Buckman applies to drug cases.
We’re not the only ones to differ with the Lake-Allen court on this point.
Federal appellate courts consistently agree with us. Whether or not courts accept the Buckman implied preemption argument, courts consistently recognize that Buckman implied preemption applies fully to drugs. Compare, for example, Garcia v. Wyeth-Ayerst Labs., 385 F.3d 961 (6th Cir. 2004), which applied Buckman in the context of the prescription pain reliever Duract, with Desiano v. Warner-Lambert & Co., 326 F.3d 339 (2d Cir. 2006), aff’d by an equally divided court sub nom. Warner-Lambert v. Kent, 128 S. Ct. 1168 (2008), which applied Buckman in the context of the diabetes drug Rezulin. Those courts ultimately disagreed on the merits, creating the circuit split that went to the Supreme Court, but both courts recognized that Buckman applies to drugs as well as devices.

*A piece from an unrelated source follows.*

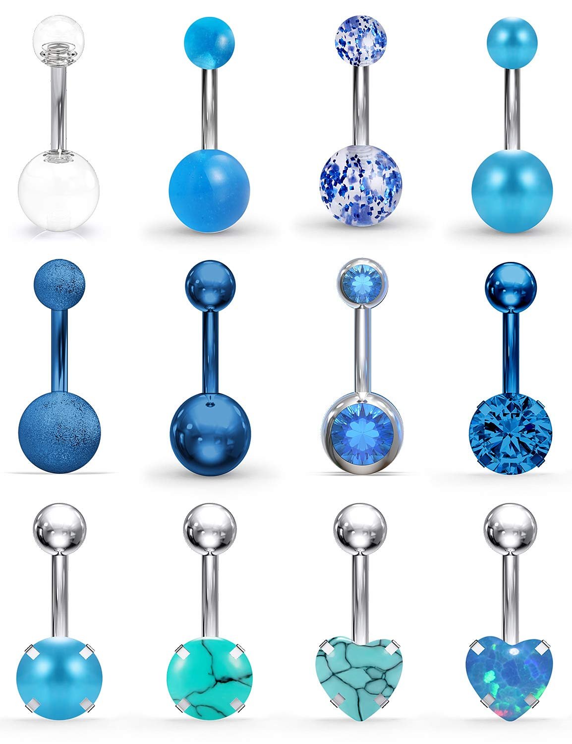 - Including 12PCS Belly Button Rings, Mix-Styles(Jeweled CZ,Shinny Balls,Matte Ball,Clear Acrylic Balls,Gilitter Balls,Glow in Dark Balls,Pearl Balls,Prong-Setting Heart Opal,Prong-Setting Pearl,Prong-Setting Round Natural Stone,Prong-Setting Heart Natural Stone,Prong-Setting Clear CZ,Each Style One Piece). Reasonable Price For Body Jewelry,Deserve To Purchase.

We won’t wade again into the more controversial subject of the precise scope of Buckman preemption. (If you’re curious, Herrmann’s ten-minute rant on that subject was videotaped at a symposium at NYU here.) We’ll simply note that (to our knowledge) no one has ever previously suggested that Buckman applies only to devices and not to drugs. There’s no logic for drawing that distinction, and the suggestion to the contrary in Lake-Allen will only confuse this area of the law.